There are some binaries for NCCL on Windows, but they can be quite annoying to deal with.
As an alternative, Tensorflow gives you three other options in MirroredStrategy that are compatible with Windows natively. They are Hierarchical Copy, Reduce to First GPU, and Reduce to CPU. What you are most likely looking for is Hierarchical Copy, but you can test each of them to see what gives you the best result.
If you are using tensorflow versions older than 2.0, you will use tf.contrib.distribute:
# Hierarchical Copy
cross_tower_ops = tf.contrib.distribute.AllReduceCrossTowerOps(
'hierarchical_copy', num_packs=number_of_gpus))
strategy = tf.contrib.distribute.MirroredStrategy(cross_tower_ops=cross_tower_ops)
# Reduce to First GPU
cross_tower_ops = tf.contrib.distribute. ReductionToOneDeviceCrossTowerOps()
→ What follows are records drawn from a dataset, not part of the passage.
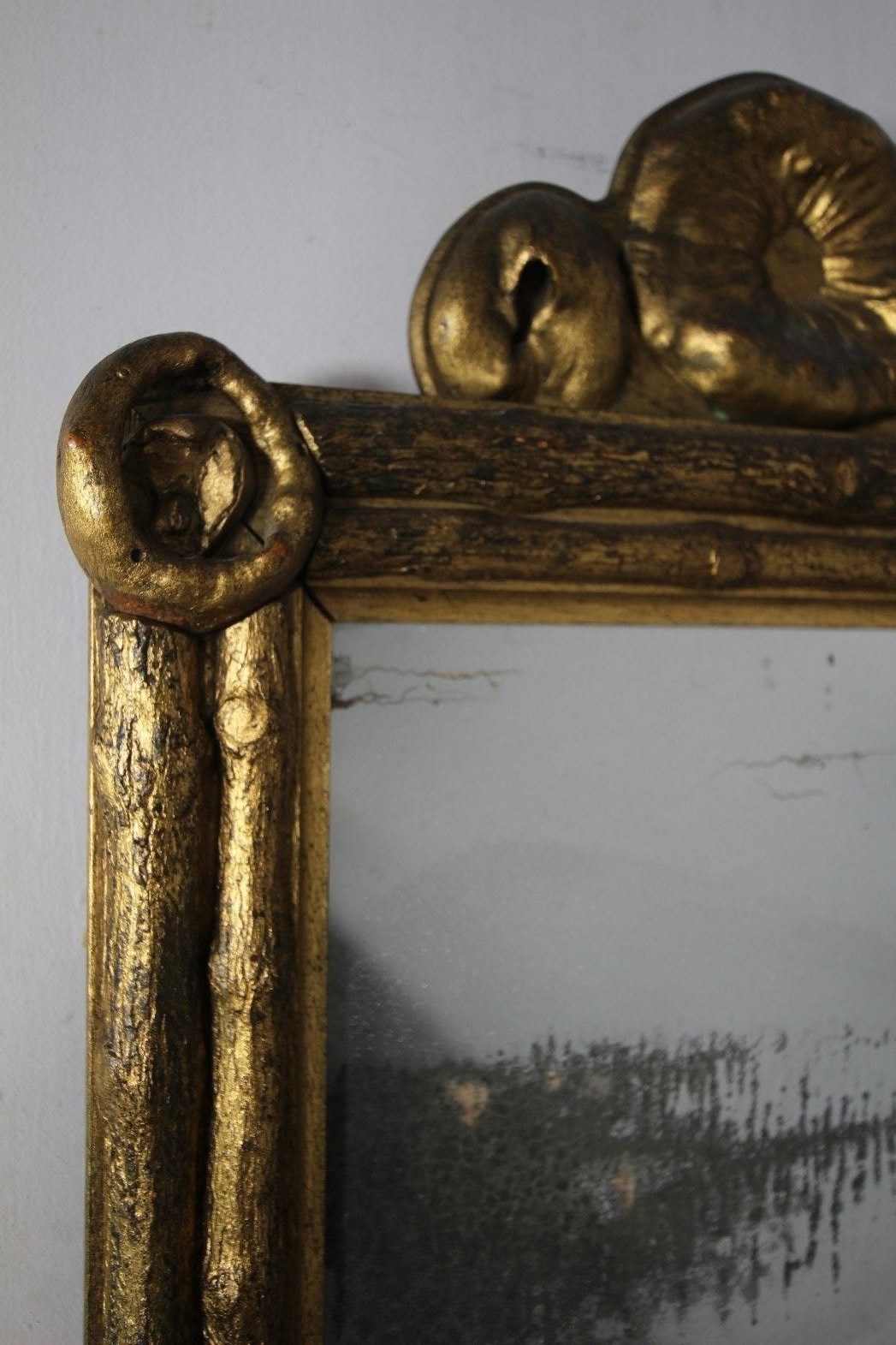 Unusual Grottoesque Antique Gilt Wall Mirror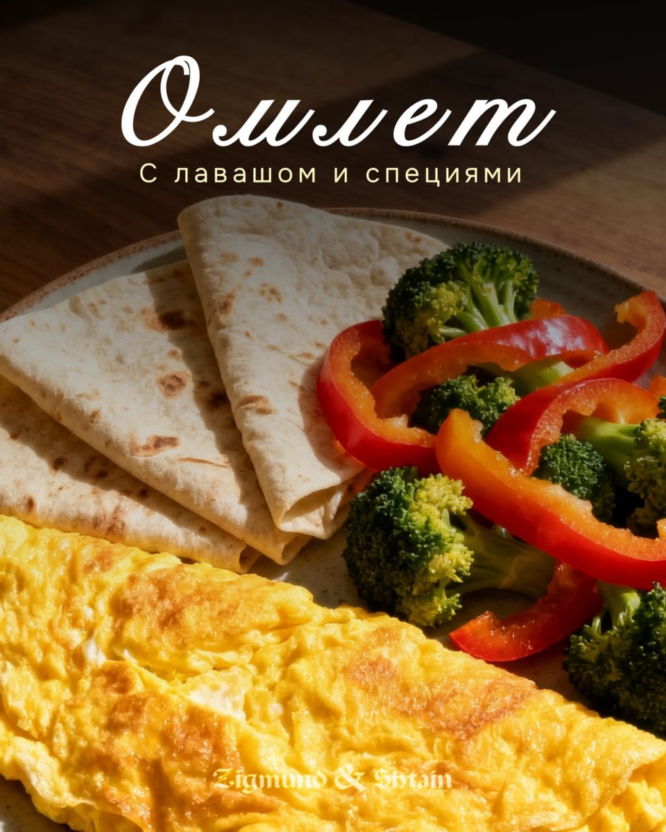 Лёгкий омлет с овощами и пряными травами, который отлично подойдёт для завтрака или позднего ужина. Ингредиенты: Приготовление: Яйца взбить с молоком, солью и специями. Перец нарезать соломкой, брокколи разобрать на соцветия, отварить 5 минут. Обжарить перец и брокколи на масле на плите Zigmund & Shtain 4 минуты. Залить яичной смесью, добавить кусочки лаваша. Готовить под крышкой 8–10 минут на медленном огне. Лёгкий и ароматный завтрак, который даёт энергию на весь день. #Завтрак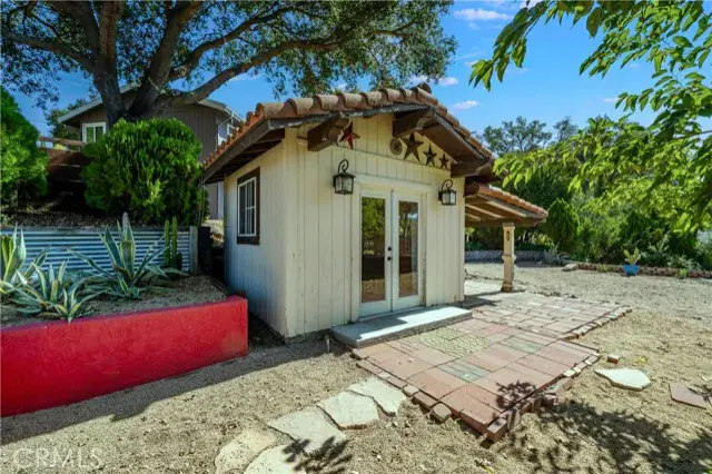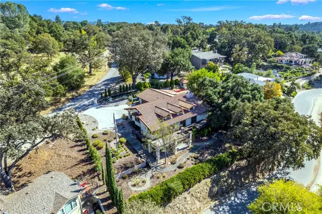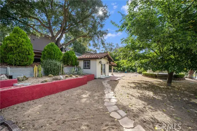 The backyard feels like a private park, shaded by a majestic live oak and complete with a gazebo, multiple sitting areas, and peaceful views of Atascadero Lake. A detached art studio out back offers endless versatility as a home office, creative workspace, or playroom.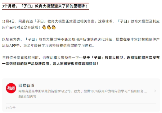 據網易有道官方公眾號,網易有道“子曰”教育大模型今日通過相關備案,該大模型及其應用產品將對公眾開放。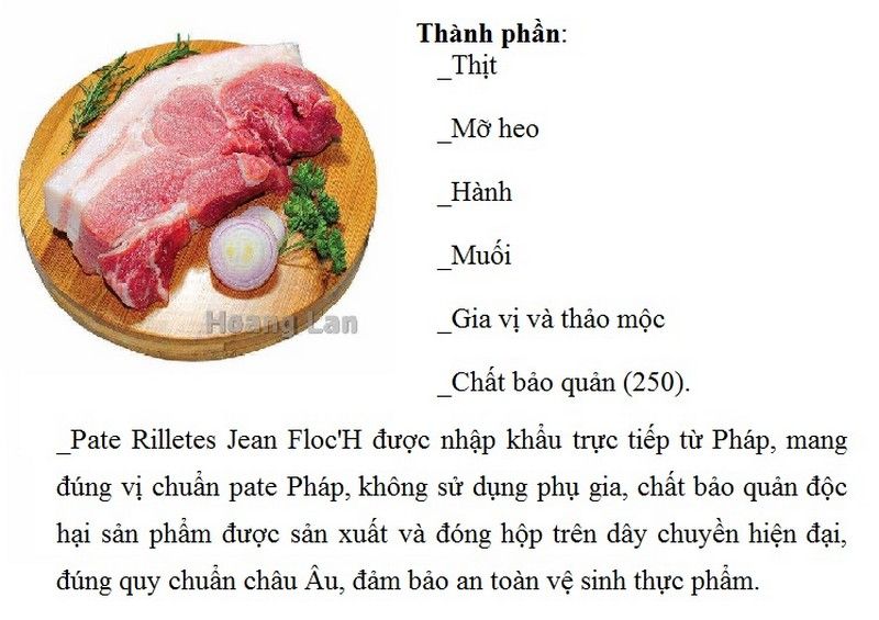 Mua tại TiktokPate thịt sợi Rilletes Jean Floch 125g - Pháp _Pate thịt sợi hiệu Jean Floc’H chế biến từ thịt và gan của những chú heo được chăm sóc cẩn thận theo quy trình chăn nuôi dựa vào hạt lanh-giàu Omega 3 của Hiệp hội Bleu Blanc Coeur _Pate Rilletes Jean Floc'H được nhập khẩu trực tiếp từ Pháp, mang đúng vị chuẩn pate Pháp, không sử dụng phụ gia, chất bảo quản độc hại sản phẩm được sản xuất và đóng hộp trên dây chuyền hiện đại, đúng quy chuẩn châu Âu, đảm bảo an toàn vệ sinh thực phẩm.

strategy = tf.contrib.distribute.MirroredStrategy(cross_tower_ops=cross_tower_ops)
# Reduce to CPU
cross_tower_ops = tf.contrib.distribute. ReductionToOneDeviceCrossTowerOps(
reduce_to_device="/device:CPU:0")
strategy = tf.contrib.distribute.MirroredStrategy(cross_tower_ops=cross_tower_ops)
After 2.0, you only need to use tf.distribute! Here is an example setting up an Xception model with 2 GPUs:
strategy = tf.distribute.MirroredStrategy(devices=["/gpu:0", "/gpu:1"],
cross_device_ops=tf.distribute.HierarchicalCopyAllReduce())
with strategy.scope():
parallel_model = Xception(weights=None,
input_shape=(299, 299, 3),
classes=number_of_classes)
parallel_model.compile(loss='categorical_crossentropy', optimizer='rmsprop')